Greater prenatal depressive symptoms are associated with higher maternal consumption of processed food and lower consumption of healthy nutrition (e.g., vegetables, fish, non-meat protein) (Barker et al., 2013), which could affect the nutrients received and flavors the fetus is exposed to in utero and alter subsequent food intake in offspring (Lesage et al., 2004; Paternain et al., 2012). There is evidence that flavors ingested by the mother are transmitted to offspring through amniotic fluid (Mennella, 2014) and that fetuses are differentially responsive to unique flavors (specifically sweet and bitter flavors) in utero (Ustun et al., 2022).
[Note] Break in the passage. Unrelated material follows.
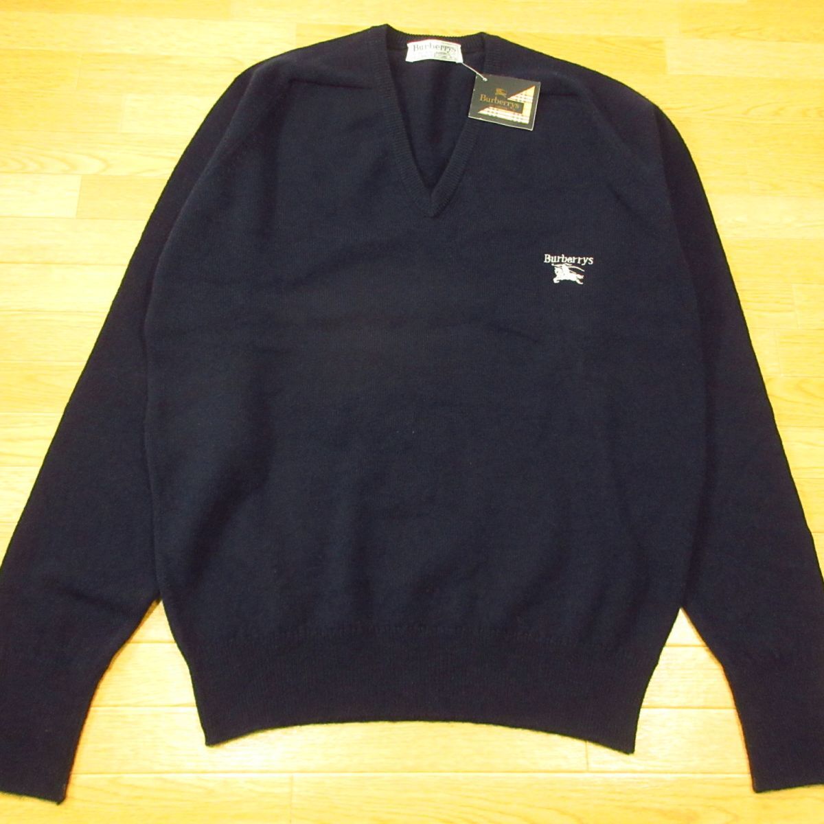 - ◎新品 90s!BURBERRYS バーバリー スコットランド製 Vネック ニット セーター ウール100 ヴィンテージ メンズ 紺色 42 (約XL)◆AA5196

Foods ingested during pregnancy or during the lactation period are more likely to be accepted by infants around 6 months of age (Mennella, 2014), suggesting that diet of the mother during pregnancy may lay the foundation for the child’s dietary preferences.

Prenatal depression is associated with poorer dietary quality during pregnancy (Avalos et al., 2020; Baskin et al., 2015), including greater consumption of calories from added sugars, solid fats, and alcohol, lower consumption of fruit, and lower consumption of greens and beans compared to individuals without prenatal depression (Avalos et al., 2020). Robust evidence, including studies of offspring following the Dutch Hunger Winter of 1944–1945, suggests that undernutrition during early pregnancy is associated with greater cardiometabolic risk in offspring (Roseboom et al., 2006). Undernutrition includes not having enough to eat or not eating or absorbing enough necessary macronutrients and micronutrients from one’s diet, which is consistently associated with offspring cardiometabolic health (Gluckman et al., 2008; Harding, 2001). Socio-contextual factors, including socioeconomic status, strongly shape food access which changes the availability of foods available to pregnant individuals. As a result, these social and structural factors almost certainly influence both maternal mental health and dietary quality during pregnancy. Given growing research that prenatal depression is associated with prenatal dietary intake, and the extensive evidence that prenatal undernutrition is associated with offspring cardiometabolic risk, prenatal dietary quality is a likely pathway between prenatal depression and offspring cardiometabolic risk.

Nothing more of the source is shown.